Only lines with the string "garbage" are wanted. Pull them out of the data.

*** Opening Data in this exercise ***

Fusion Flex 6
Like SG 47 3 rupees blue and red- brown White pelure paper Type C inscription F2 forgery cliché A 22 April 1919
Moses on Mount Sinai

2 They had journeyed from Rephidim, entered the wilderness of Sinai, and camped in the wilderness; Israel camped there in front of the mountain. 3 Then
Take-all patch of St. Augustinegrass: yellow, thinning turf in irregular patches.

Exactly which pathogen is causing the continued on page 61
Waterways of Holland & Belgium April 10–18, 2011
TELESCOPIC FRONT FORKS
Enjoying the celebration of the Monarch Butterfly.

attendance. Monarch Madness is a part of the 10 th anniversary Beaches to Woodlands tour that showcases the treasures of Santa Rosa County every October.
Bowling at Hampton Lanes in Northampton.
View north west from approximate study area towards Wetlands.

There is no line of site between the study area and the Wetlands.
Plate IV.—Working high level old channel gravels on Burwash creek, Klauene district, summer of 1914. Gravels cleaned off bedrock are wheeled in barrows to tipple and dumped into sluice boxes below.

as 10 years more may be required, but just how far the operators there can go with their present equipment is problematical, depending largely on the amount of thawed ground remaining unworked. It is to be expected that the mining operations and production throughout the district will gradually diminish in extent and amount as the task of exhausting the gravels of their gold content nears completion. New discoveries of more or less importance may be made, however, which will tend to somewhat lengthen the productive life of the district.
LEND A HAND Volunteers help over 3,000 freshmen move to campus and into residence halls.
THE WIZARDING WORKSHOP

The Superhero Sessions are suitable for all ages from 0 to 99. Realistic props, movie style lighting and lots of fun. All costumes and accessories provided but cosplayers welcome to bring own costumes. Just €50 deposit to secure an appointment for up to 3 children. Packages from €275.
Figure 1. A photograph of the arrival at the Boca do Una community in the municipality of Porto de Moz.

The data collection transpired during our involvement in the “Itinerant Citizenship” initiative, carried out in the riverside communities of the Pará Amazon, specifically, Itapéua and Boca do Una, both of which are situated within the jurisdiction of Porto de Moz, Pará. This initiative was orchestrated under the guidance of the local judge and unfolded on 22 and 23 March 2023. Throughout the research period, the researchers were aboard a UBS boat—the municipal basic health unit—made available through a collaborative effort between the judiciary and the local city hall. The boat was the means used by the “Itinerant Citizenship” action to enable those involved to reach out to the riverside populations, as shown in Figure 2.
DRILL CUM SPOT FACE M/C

*** Closing Data in this exercise ***
*** Opening Data in this exercise ***

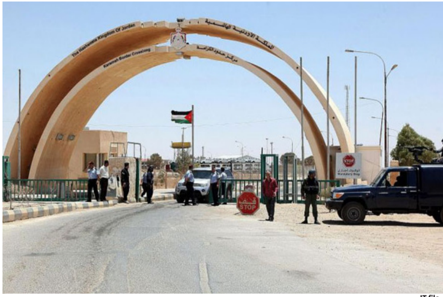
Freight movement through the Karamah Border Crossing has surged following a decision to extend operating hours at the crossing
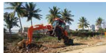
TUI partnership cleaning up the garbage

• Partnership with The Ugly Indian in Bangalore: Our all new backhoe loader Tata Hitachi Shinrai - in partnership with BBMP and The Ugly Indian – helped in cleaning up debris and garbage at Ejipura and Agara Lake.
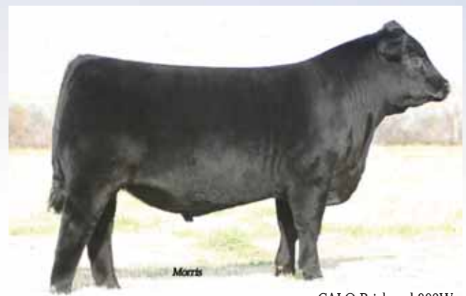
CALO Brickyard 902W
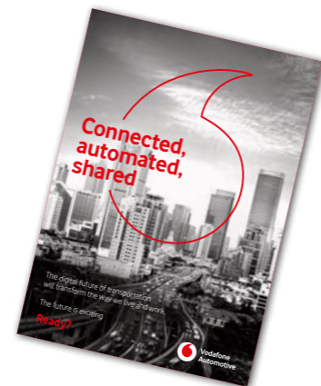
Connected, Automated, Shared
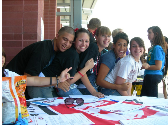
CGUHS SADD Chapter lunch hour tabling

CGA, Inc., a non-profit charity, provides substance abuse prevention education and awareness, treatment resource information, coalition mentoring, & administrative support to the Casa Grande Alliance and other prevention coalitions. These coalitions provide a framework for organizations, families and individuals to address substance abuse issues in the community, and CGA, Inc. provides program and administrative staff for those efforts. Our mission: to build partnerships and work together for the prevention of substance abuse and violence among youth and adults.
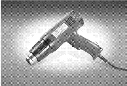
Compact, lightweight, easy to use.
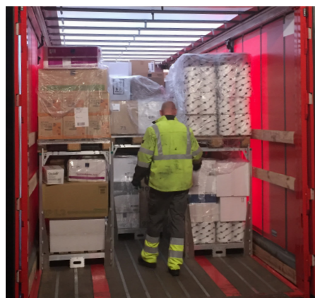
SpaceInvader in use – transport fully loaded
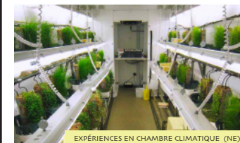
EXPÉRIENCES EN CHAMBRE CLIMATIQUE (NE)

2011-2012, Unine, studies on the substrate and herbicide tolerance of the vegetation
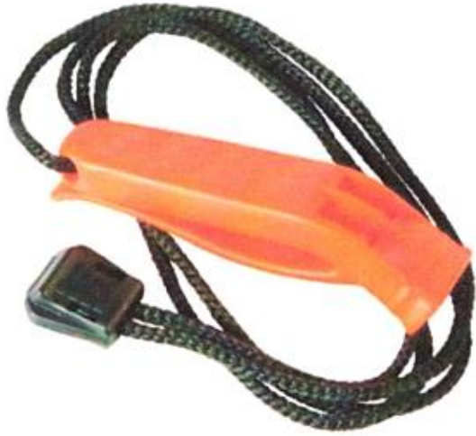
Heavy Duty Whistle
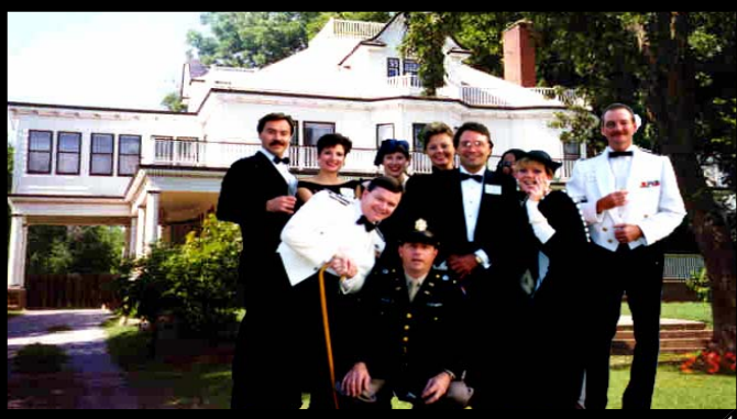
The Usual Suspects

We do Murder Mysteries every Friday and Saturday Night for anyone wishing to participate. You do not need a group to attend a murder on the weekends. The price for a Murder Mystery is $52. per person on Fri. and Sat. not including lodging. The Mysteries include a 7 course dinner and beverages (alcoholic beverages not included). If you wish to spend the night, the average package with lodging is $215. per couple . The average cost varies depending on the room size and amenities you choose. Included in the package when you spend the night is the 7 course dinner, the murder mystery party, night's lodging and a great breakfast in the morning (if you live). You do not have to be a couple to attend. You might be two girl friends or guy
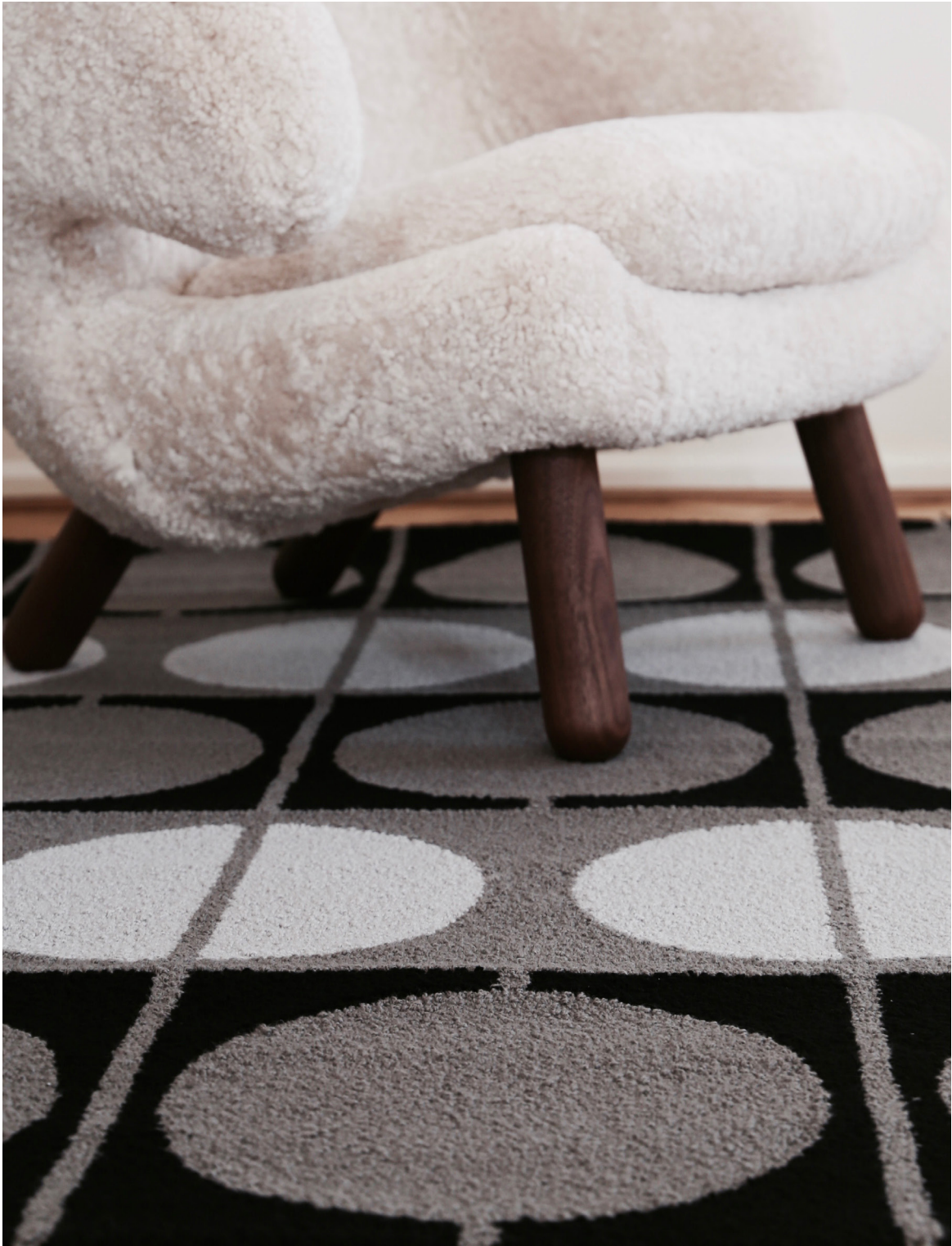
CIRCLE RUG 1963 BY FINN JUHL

*** Closing Data in this exercise ***

▶ **Worked solution**
TUI partnership cleaning up the garbage
• Partnership with The Ugly Indian in Bangalore: Our all new backhoe loader Tata Hitachi Shinrai - in partnership with BBMP and The Ugly Indian – helped in cleaning up debris and garbage at Ejipura and Agara Lake.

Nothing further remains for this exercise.